/chop

Round matrix elements to lower precision in MATLAB

Primary LanguageMATLABBSD 2-Clause "Simplified" LicenseBSD-2-Clause

Chop - MATLAB code for rounding matrix elements to lower precision

About

chop is a MATLAB function for rounding the elements of a matrix to a lower precision arithmetic with one of several forms of rounding. Its intended use is for simulating arithmetic of different precisions (less than double) with various rounding modes. The input to chop should be single precision or double precision and the output will have the same type: the lower precision numbers are stored within a higher precision type.

The arithmetic formats supported are

  • 'q43', 'fp8-e4m3' - NVIDIA quarter precision (4 exponent bits, 3 significand (mantissa) bits),
  • 'q52', 'fp8-e5m2' - NVIDIA quarter precision (5 exponent bits, 2 significand bits),
  • 'b', 'bfloat16' - bfloat16,
  • 'h', 'half', 'fp16' - IEEE half precision (the default),
  • 's', 'single', 'fp32' - IEEE single precision,
  • 'd', 'double', 'fp64' - IEEE double precision,
  • 'c', 'custom' - custom format.

Subnormal numbers can be supported or not, and in the latter case they are flushed to zero.

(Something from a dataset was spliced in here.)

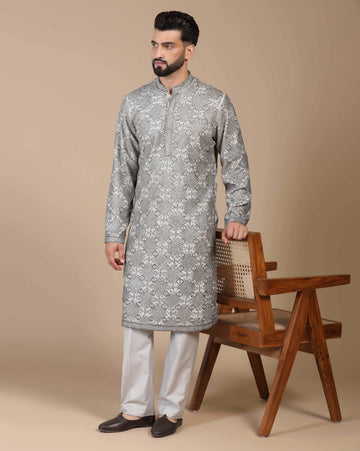 Work: Sequin, cutdana & stone work Color: Grey Fabric: Viscose Silk Neck: Stand Collar Kurta...

Several rounding modes are supported:

  • Round to nearest using round to even last bit to break ties (the default).
  • Round towards plus infinity (round up).
  • Round towards minus infinity (round down).
  • Round towards zero.
  • Stochastic rounding - round to the next larger or next smaller floating-point number with probability proportional to the distance to those floating-point numbers.
  • Stochastic rounding - round to the next larger or next smaller floating-point number with equal probability.

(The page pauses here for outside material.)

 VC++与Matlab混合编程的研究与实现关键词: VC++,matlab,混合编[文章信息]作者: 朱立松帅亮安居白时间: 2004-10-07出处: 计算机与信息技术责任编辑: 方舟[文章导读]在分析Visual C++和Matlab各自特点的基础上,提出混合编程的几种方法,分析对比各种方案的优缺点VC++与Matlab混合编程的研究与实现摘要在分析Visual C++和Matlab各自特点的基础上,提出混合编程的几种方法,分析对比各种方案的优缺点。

Optionally, each element of the rounded result has, with a specified probability defaulting to 0.5, a randomly chosen bit in its significand flipped. This option is useful for simulating soft errors

A further option causes the exponent limit for the specified arithmetic to be ignored, so overflow, underflow, or subnormal numbers will be produced only if necessary for the data type of the input. This option is useful for exploring low precisions indepdent of range limitations.

Demonstration function:

  • demo-harmonic computes the harmonic series in several arithmetic formats using all the supported rounding modes.

Other M-file:

  • roundit is a function for rounding a matrix to have integer entries. It is used by chop and is not intended to be called directly.

Test functions:

  • test_chop is a test function for chop.
  • test_roundit is a test function for roundit.

Each test function should print "All tests successful!".

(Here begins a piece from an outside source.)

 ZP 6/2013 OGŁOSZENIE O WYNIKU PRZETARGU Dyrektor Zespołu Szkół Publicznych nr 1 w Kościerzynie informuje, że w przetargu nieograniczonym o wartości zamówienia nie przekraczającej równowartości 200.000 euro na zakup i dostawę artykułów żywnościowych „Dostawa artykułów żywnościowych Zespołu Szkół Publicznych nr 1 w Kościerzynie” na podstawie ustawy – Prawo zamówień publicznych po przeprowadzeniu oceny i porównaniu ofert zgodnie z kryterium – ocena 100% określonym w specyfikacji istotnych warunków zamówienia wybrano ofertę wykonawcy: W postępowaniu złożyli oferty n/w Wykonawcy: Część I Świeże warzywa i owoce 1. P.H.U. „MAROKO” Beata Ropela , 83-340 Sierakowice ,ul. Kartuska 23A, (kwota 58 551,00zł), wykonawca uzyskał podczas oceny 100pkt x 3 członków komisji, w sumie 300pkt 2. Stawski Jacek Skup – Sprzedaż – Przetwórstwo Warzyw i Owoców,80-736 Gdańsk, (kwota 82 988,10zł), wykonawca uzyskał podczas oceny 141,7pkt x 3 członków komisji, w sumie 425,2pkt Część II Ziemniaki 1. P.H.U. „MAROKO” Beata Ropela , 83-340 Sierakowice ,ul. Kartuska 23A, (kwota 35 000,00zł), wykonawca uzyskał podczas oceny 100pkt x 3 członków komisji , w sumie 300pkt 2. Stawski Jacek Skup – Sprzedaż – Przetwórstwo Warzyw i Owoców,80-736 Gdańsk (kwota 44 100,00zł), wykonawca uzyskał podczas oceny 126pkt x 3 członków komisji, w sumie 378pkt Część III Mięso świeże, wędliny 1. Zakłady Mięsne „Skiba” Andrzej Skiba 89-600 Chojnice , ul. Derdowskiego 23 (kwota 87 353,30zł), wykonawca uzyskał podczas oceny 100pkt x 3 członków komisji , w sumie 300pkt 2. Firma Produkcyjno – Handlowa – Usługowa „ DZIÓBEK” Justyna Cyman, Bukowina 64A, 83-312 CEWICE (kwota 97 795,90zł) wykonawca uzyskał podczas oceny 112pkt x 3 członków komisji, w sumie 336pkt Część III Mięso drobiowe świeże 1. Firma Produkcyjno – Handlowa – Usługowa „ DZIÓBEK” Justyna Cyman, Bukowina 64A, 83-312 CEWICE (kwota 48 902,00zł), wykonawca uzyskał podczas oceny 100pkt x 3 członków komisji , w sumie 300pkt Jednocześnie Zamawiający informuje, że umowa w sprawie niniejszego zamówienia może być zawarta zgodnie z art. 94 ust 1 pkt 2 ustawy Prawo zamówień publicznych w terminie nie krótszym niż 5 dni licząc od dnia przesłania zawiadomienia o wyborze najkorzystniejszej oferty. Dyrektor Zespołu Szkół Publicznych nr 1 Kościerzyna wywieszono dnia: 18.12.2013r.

The function chop is a successor to a function of the same name in the The Matrix Computation Toolbox (also available on File Exchange).

The test function test_chop needs the function float_paramsfrom the repository float_params. That function is included in this repository for convenience, but may not be the latest version.

Usage

There are two main usages of chop. First, one can pass options with every call:

options.format = 's'; options.round = 5; options.subnormal = 1; 
...
A(i,j) = chop(A(i,j) - chop(A(i,k) * A(k,j),options),options);

Here, options.format = 's' specifies that the precision is single, options.round = 5 specifies stochastic rounding, mode 1 and options.subnormal = 1 specifies that subnormal numbers are not flushed to zero. For full details of the options see the help lines in chop.m.

The above usage is rather tedious and produces cluttered code. Instead we can set up the arithmetic parameters on a call of the form chop([],options) and exploit the fact that subsequent calls with just one input argument will reuse the previously specified options:

options.format = 's'; options.round = 5; options.subnormal = 1; 
chop([],options)
...
A(i,j) = chop(A(i,j) - chop(A(i,k)*A(k,j))); 

The current value of options is stored inside the function (in a persistent variable, whose value is retained during the session until the function is cleared with clear chop and can be obtained with

[~,options] = chop

Requirements

The code was developed in MATLAB R2018b to R2020a and works with versions at least back to R2016a.

Reference

Nicholas J. Higham and Srikara Pranesh, Simulating Low Precision Floating-Point Arithmetic, SIAM J. Sci. Comput., 41(4):A2536-A2551, 2019.

Related

A C library CPFloat provides similar functionality to chop. It includes a MEX interface, and the MEX code can be faster than chop.

Acknowledgements

The code was written by Nick Higham and Sri Pranesh. Max Fasi and Mantas Mikaitis have contributed improvements. Ian McInerney contributed the quarter precision formats and the options.randfunc code.

License

See license.txt for licensing information.